Shale producers this year have been cutting budgets and workers and trimming production goals after years of heavy spending. They remain under intense pressure from investors to restrain spending and return money to shareholders through buybacks and dividends rather than expand drilling.
Shale is a short-cycle oil supply – one able to add or reduce production relatively quickly. Producers will see increased demand, especially from Asian buyers. But producers need 90 to 180 days to drill, complete and bring new production online.
There are about 1,000 Permian wells that have been drilled but not completed or hooked up to pipelines, said Bernadette Johnson, vice president of market intelligence at consultants Enverus.
Shale “cannot simply open up the spigot,” she said, adding: “The infrastructure simply isn’t there yet to get it to the coast.”
Representatives for Exxon Mobil Corp, Royal Dutch Shell and Chevron Corp, which all produce shale, declined to comment on the potential impact on their operations.
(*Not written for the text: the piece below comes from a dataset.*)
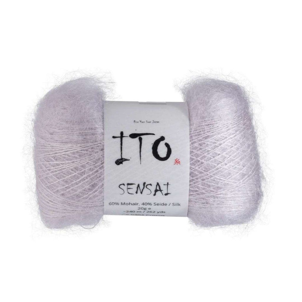 ITO Sensai je ikonická kombinace mohéru a hedvábí, která vytváří jemný, elegantní opar (halo) a dodá pletenině lehkost i vizuální hloubku. Výsledný úplet je nadýchaný, měkký na dotek a působí velmi čistě a luxusně — i u jednoduchých střihů.

If the attacks lead to sustained U.S. oil prices in the mid-$60-a-barrel range, it could cause U.S. output to grow by about 2 million barrels per day (bpd) next year, from about 1 million bpd this year, Johnson said.
U.S. oil companies could see some benefit. The strikes in Saudi Arabia knocked out oil-processing facilities and production at the Khurais oilfield, which produces a light oil similar to what shale producers offer.
The Eagle Ford Shale field in South Texas has the ability to add to supplies and prices in the mid-$60s would cause companies operating there to add rigs gradually. Still, its ultralight, sweet barrels are not similar enough to be a good substitute for lost Arab Light oil, Johnson said.
Shale producers generally could use the expected jump in crude prices to add hedges, or contracts that lock in future prices, allowing them to capture some of the expected price increases, said Matt Portillo, managing director at investment bank Tudor, Pickering, Holt & Co.
“Producers will take the higher prices and essentially bank that to balance-sheet repair or to accelerating shareholder returns,” Portillo said.
U.S. oil companies operating in the Permian Basin will not “be changing their plans this week based on what happened in Saudi Arabia,” said Andy Lipow, president of consultancy Lipow Oil Associates.